Algumas medidas simples podem ajudar a reduzir o incômodo do zumbido em silêncio total. Uma estratégia comum é evitar ambientes completamente silenciosos, mantendo sons de fundo suaves, como ventilador, ruído branco, músicas calmas em volume baixo ou sons da natureza. Esses estímulos sonoros discretos competem com o zumbido e tendem a deixá-lo menos perceptível.
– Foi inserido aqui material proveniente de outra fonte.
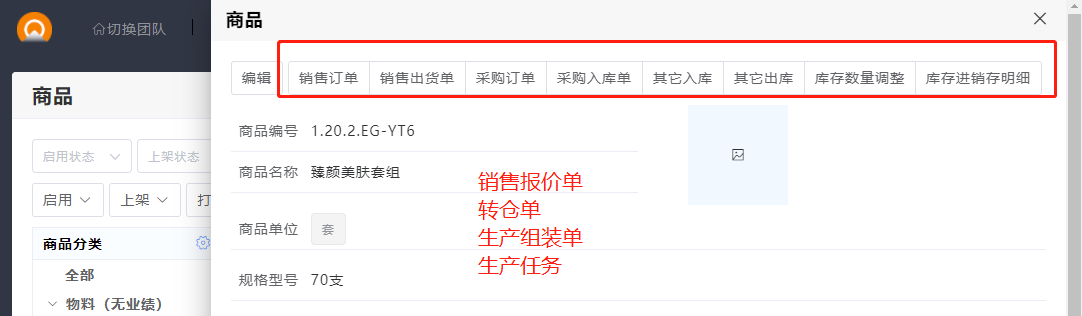 (除了商品详情里的常用单据,还有销售报价单,转仓单,生产组装单,生产任务单等)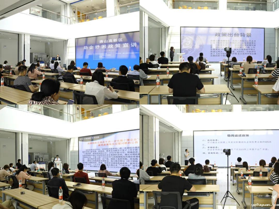 5月19日,“纾企之困 护企发展”为主题的政策宣讲会在高新区科技展示中心举行,活动由党政综合办公室、人力资源和社会保障局、财政局、发展改革局、税务局主办,唐山菜根创业服务有限公司承办。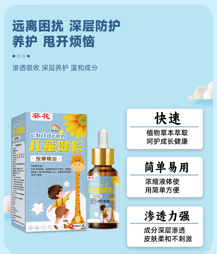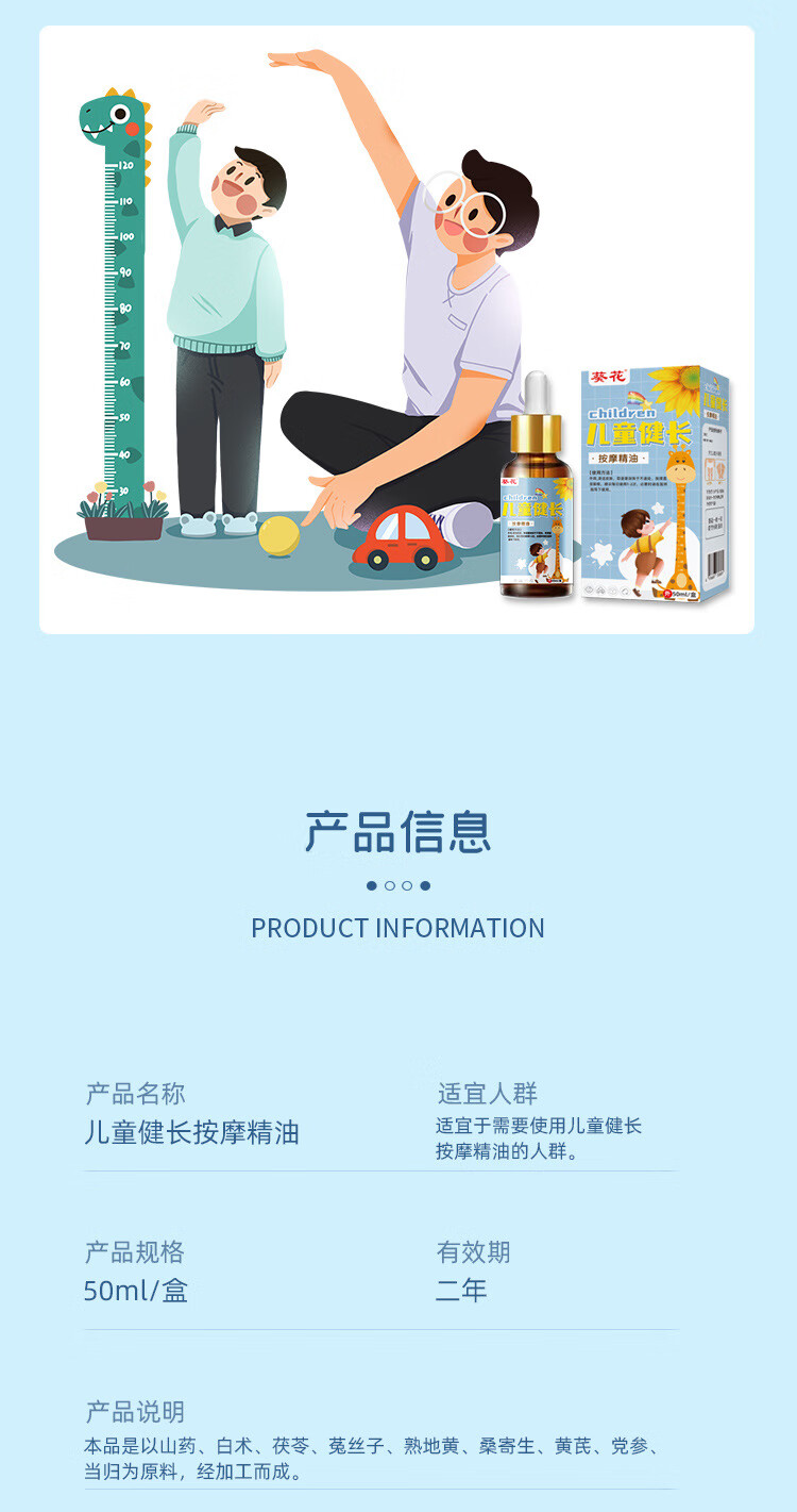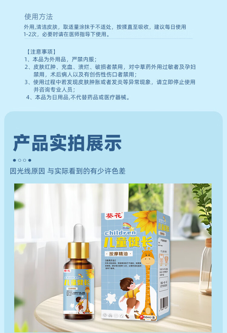 葵花儿童健长小儿推拿按摩精油青少年儿童助长增高生长专用温通健脾油 2瓶*100ML【突破新高度】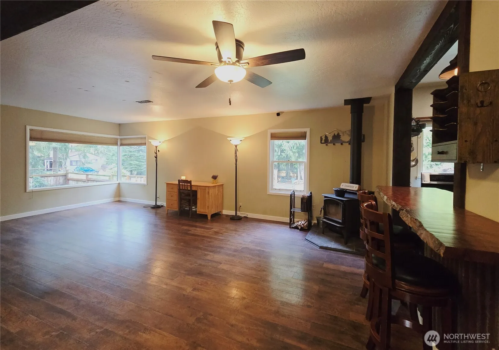 Charming home on almost a half acre. Fully fenced and conveniently located between Sequim & Port Angeles in the Deer Park area. Featuring a brand new roof w/30 year warranty & a new woodstove. Ductless heatpump provides efficient heat & A/C. Live edge wood & metal accents, main level bedroom and full bath. Private primary suite skylight and oversized half bath upstairs. Covered wood storage behind the house as well as 2 storage sheds providing ample space for tools, yard equipment and more. Fully enclosed chicken run and coop with easy, no-enter feeding system and egg collection. Level space for gardening and gathering around the firepit. Nestled between several Pacific Northwest copses, this home is a serene retreat for every day living.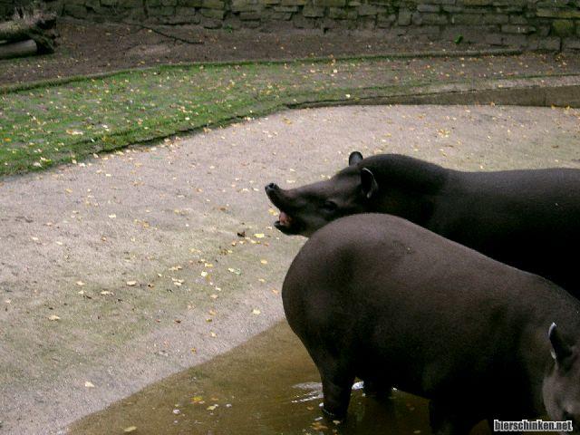 Am Tapirgehege is ganz viel Spaß angesagt! Ein Tapir pisst ins Wasser, ein anderes schnuppert erst genüsslich daran und bleckt angewidert die Zähne. Super! Nur leider kein Foto gemacht, also bitten wir höflich darum, das zu wiederholen. Und tatsächlich. Ein Tapir pisst ins Wasser, ein anderes schnuppert erst genüsslich daran und bleckt angewidert die Zähne. Super!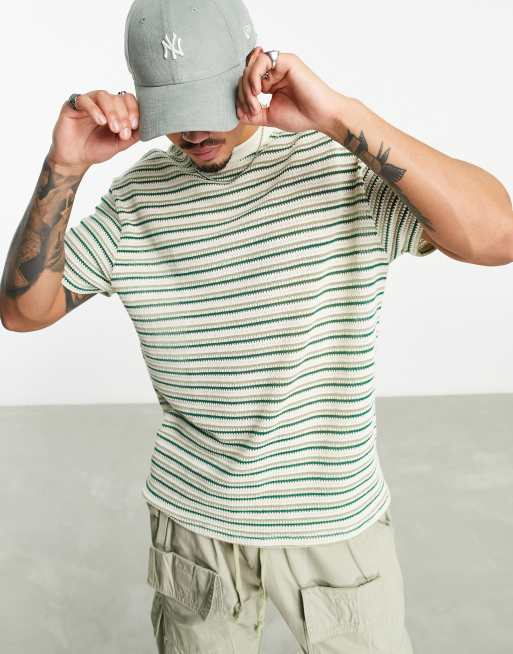 ASOS DESIGN - Afslappet tekstureret t-shirt med grønne og beige striber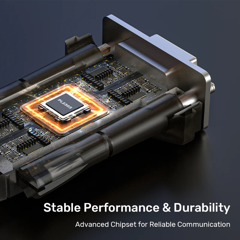 Experience precise digital control with the USB-A to RS232 (DB9F) Serial Cable, designed for industrial-grade RS232 communication. Featuring the advanced Prolific PL2303 chipset, this cable ensures seamless compatibility with various Windows, Linux, and macOS operating systems. Elevate your data transfer speeds up to 1 Mbps, making it an ideal choice for reliable and efficient data management in professional applications.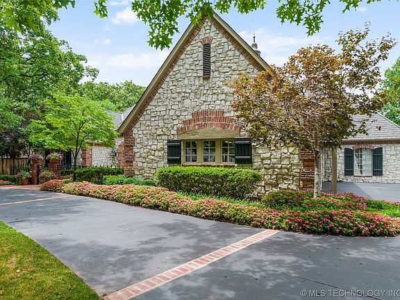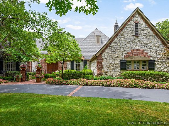 Prime location south of Southern Hills Country Club. One-owner quality, custom-built home on mostly one-level. Meticulously maintained and improved. Redesigned and remodeled ~15 years ago by Mike Dankbar. Offering grand-scale rooms, high, vaulted and beamed ceilings, beautiful hand-scraped hardwood floors, and oversized Pella windows and doors throughout. Functional floor plan to include 3 ensuite bedrooms, formal living, separate office, formal and casual dining, a spacious, open living/kitchen with gas fireplace, plus large upstairs flex room and walk-out attic. 3-car side-entry garage, circular driveway, gated courtyard, professionally landscaped in front and back. Large, private backyard features vaulted outdoor living with fireplace, built-in grill, and water feature.

Portanto, criar um ambiente sonoro confortável pode funcionar como uma forma prática de alívio diário.

Além disso, ajustes no estilo de vida podem ter impacto positivo na experiência com o tinnitus:

  • Reduzir o tempo de exposição a barulhos intensos e usar proteção auricular quando necessário.
  • Controlar o volume de fones de ouvido, evitando volumes altos por longos períodos.
  • Manter hábitos de sono regulares e evitar cafeína e nicotina em excesso, que podem intensificar o sintoma em algumas pessoas.
  • Adotar práticas de relaxamento, como respiração profunda ou exercícios leves, para diminuir o nível de tensão.

Quando o zumbido é persistente ou interfere na qualidade de vida, terapias específicas, como aparelhos de amplificação sonora, treinamentos de habituação sonora e acompanhamento psicológico especializado, podem ser indicados por profissionais de saúde. O objetivo é reduzir o impacto do ruído interno na rotina e facilitar a adaptação a essa condição. Em suma, embora o zumbido nem sempre desapareça completamente, é possível conviver com ele de forma muito mais tranquila.

Em resumo, o zumbido no ouvido em silêncio total pode fazer parte do funcionamento normal do sistema auditivo em muitas situações, especialmente quando é discreto e esporádico. A observação atenta da frequência, intensidade e dos sintomas associados, aliada à orientação adequada, permite diferenciar quando o chiado é apenas um fenômeno transitório e quando merece investigação mais detalhada. Portanto, ouvir o próprio corpo e buscar ajuda em caso de dúvida é a melhor forma de proteger sua saúde auditiva.

FAQ sobre zumbido no ouvido em silêncio total

1. Zumbido no ouvido pode ter cura definitiva?
Em muitos casos, o zumbido melhora bastante com tratamento e mudanças de hábito, mas nem sempre some por completo. Entretanto, terapias de habituação sonora, uso de aparelhos auditivos quando há perda de audição e controle de fatores como estresse e pressão arterial podem reduzir muito a percepção do ruído e fazê-lo deixar de incomodar.

2. Zumbido piora com café, álcool ou cigarro?
Algumas pessoas relatam piora do zumbido após consumir café, energéticos, bebidas alcoólicas ou fumar. Portanto, vale observar se esses estímulos aumentam o chiado no seu caso. Se houver relação, reduzir ou evitar esses hábitos pode diminuir a intensidade do sintoma.

3. Exercício físico ajuda ou atrapalha o zumbido?
Atividade física regular costuma ajudar, porque melhora a circulação e reduz o estresse, dois fatores que podem influenciar o tinnitus. Entretanto, exercícios muito intensos, sem condicionamento adequado ou com esforço exagerado, às vezes fazem o zumbido aumentar temporariamente. Então, a recomendação é praticar exercícios com orientação e de forma progressiva.

4. Devo usar cotonete para “limpar” o ouvido se tenho zumbido?
Não. O uso de cotonete pode empurrar a cera para dentro, irritar o canal auditivo e até perfurar o tímpano. Portanto, se você suspeita de excesso de cera ou sente o ouvido tampado junto com o zumbido, o ideal é procurar um profissional para fazer a limpeza de forma segura.

5. Zumbido no ouvido em silêncio pode ser psicológico?
O zumbido é um sintoma real, mas fatores emocionais como ansiedade, estresse e insônia podem aumentar muito a percepção dele. Em suma, mente e corpo interagem o tempo todo: quanto maior a tensão, mais você foca no ruído. Por isso, cuidar da saúde mental, fazer psicoterapia ou usar técnicas de relaxamento costuma ajudar bastante no controle do sintoma.